Hesitant fuzzy partitioned Maclaurin symmetric mean aggregation operators in multi-criteria decision-making

Abstract

A hesitant fuzzy set, enabling the membership of an element to be a set of various possible values, is highly helpful in describing people’s uncertainty in everyday life. Hesitant fuzzy aggregation operators are the standard mathematical tools for combining many inputs according to predefined criteria into a single result. The classic hesitant fuzzy aggregation operator-based approaches have been criticized because of the ignorance of criteria classification. In this work, we develop the conception of the hesitant fuzzy partitioned Maclaurin symmetric mean and hesitant fuzzy weighted partitioned Maclaurin symmetric mean operators spurred by the partitioned Maclaurin symmetric mean. Afterward, we analyze several features and peculiar instances of the formulated operators.

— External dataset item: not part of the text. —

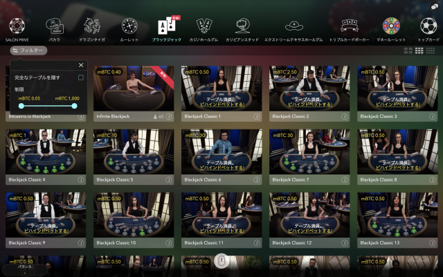 | ブラックジャックの種類 | ・ブラックジャック ・ブラックジャックホワイト ・ブラックジャックパーティー ・ブラックジャックシルバー ・ブラックジャックグランド ・ブラックジャックフォーチュン ・Blackjack Classic ・Infinite Blackjack ・Blackjack VIP ・Bitcasino.io Blackjack ・Salon Prive Blackjack |

A novel multiple criteria decision-making (MCDM) technique is propounded on the documented hesitant fuzzy weighted partitioned Maclaurin symmetric mean operator; the MCDM method chooses the optimal alternative from several alternatives. A case study of the best location selection for hospital construction is addressed to showcase the practicability of the presented technique. Eventually, we illustrate the devised approach is more widespread and efficacious than prevailing approaches via comparative and sensitive analyses.